Operations runbook — Kubernetes deployment
End-to-end walkthrough for shipping AlphaSwarm to any Kubernetes cluster (EKS,
AKS, GKE, vanilla k3s, or the Raspberry Pi k3s cluster owned by
rpi_kubernetes). AlphaSwarm is fully self-contained: every shared service it
depends on (Postgres, Redis, Kafka, MinIO, MLflow, observability stack,
etc.) ships in alphaswarm_platform/deployments/kubernetes/. There is no implicit
dependency on rpi_kubernetes or any other repository.
Prerequisites
kubectl1.30+ with a current context pointing at the target cluster.- Cluster admin (you'll create namespaces + RBAC).

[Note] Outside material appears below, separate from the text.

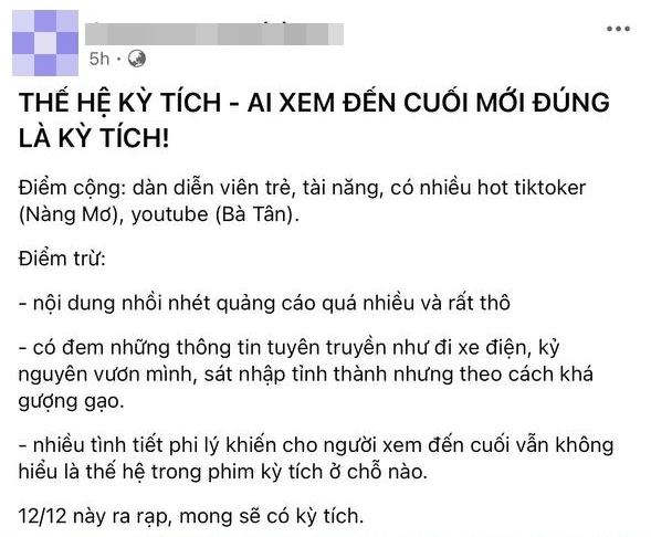 Dù đến tận ngày 12/12 mới chính thức công chiếu nhưng phim Thế Hệ Kỳ Tích của đạo diễn Hoàng Nam đang trở thành đề tài gây xôn xao trên mạng xã hội, đặc biệt sau buổi chiếu sớm. Dự án thuộc đề tài thiếu niên phấn đấu nhận về nhiều đánh giá không mấy tích cực, thậm chí gây phẫn nộ diện rộng.

- A container registry the cluster can pull from (Docker Hub / ECR / ACR / GCR).
- An ingress controller (
ingress-nginxrecommended) andcert-managerwith aletsencrypt-prodClusterIssuerfor the AlphaSwarm TLS hosts. - Auth0 tenant configured per
alphaswarm_docs/architecture/decisions/003-auth0-zero-trust.md
(default tenant
alphaswarm-fund.us.auth0.com). - Cluster operators / CRDs installed via alphaswarm_platform/scripts/cluster_install/ (Strimzi, Spark Operator, OpenTelemetry Operator, Phoenix, Redpanda, etc.) - run the relevant installer before applying the AlphaSwarm base kustomization.
Targeted runbooks
- Two-node tower+laptop bootstrap: tower-cluster-deploy.md
- Blue/green domain cutover: alphaswarm-fund-blue-green-cutover.md
Step 1 — provision Auth0 (one-time)
$env:AUTH0_DOMAIN = "your-tenant.us.auth0.com"
$env:AUTH0_M2M_CLIENT_ID = "..."
$env:AUTH0_M2M_CLIENT_SECRET = "..."
$env:ALPHASWARM_SYNC_URL = "https://api.alphaswarm.enterprise.com/_internal/auth0/sync"
python alphaswarm_platform/build/scripts/provision_auth0.py --dry-run # preview
python alphaswarm_platform/build/scripts/provision_auth0.py # apply
This idempotently creates the API resource server, the four roles, and the post-login Action.
Step 2 — generate the K8s ConfigMap + Secret scaffold
make generate-config ENV=k8s
Produces:
alphaswarm_platform/deployments/kubernetes/base/configmaps/alphaswarm-config.yaml(commit this)alphaswarm_platform/deployments/kubernetes/base/secrets/alphaswarm-secrets.yaml.template(DO NOT commit values — CI/CD or external-secrets-operator patches real values)
Step 3 — build + push images
$env:IMAGE_TAG = "rc-$(git rev-parse --short HEAD)-$(Get-Date -Format yyyy-MM-dd)"
make build-client IMAGE_TAG=$env:IMAGE_TAG
make build-cp IMAGE_TAG=$env:IMAGE_TAG
# Optional (only if the Dockerfiles exist in alphaswarm_platform/build/docker/*)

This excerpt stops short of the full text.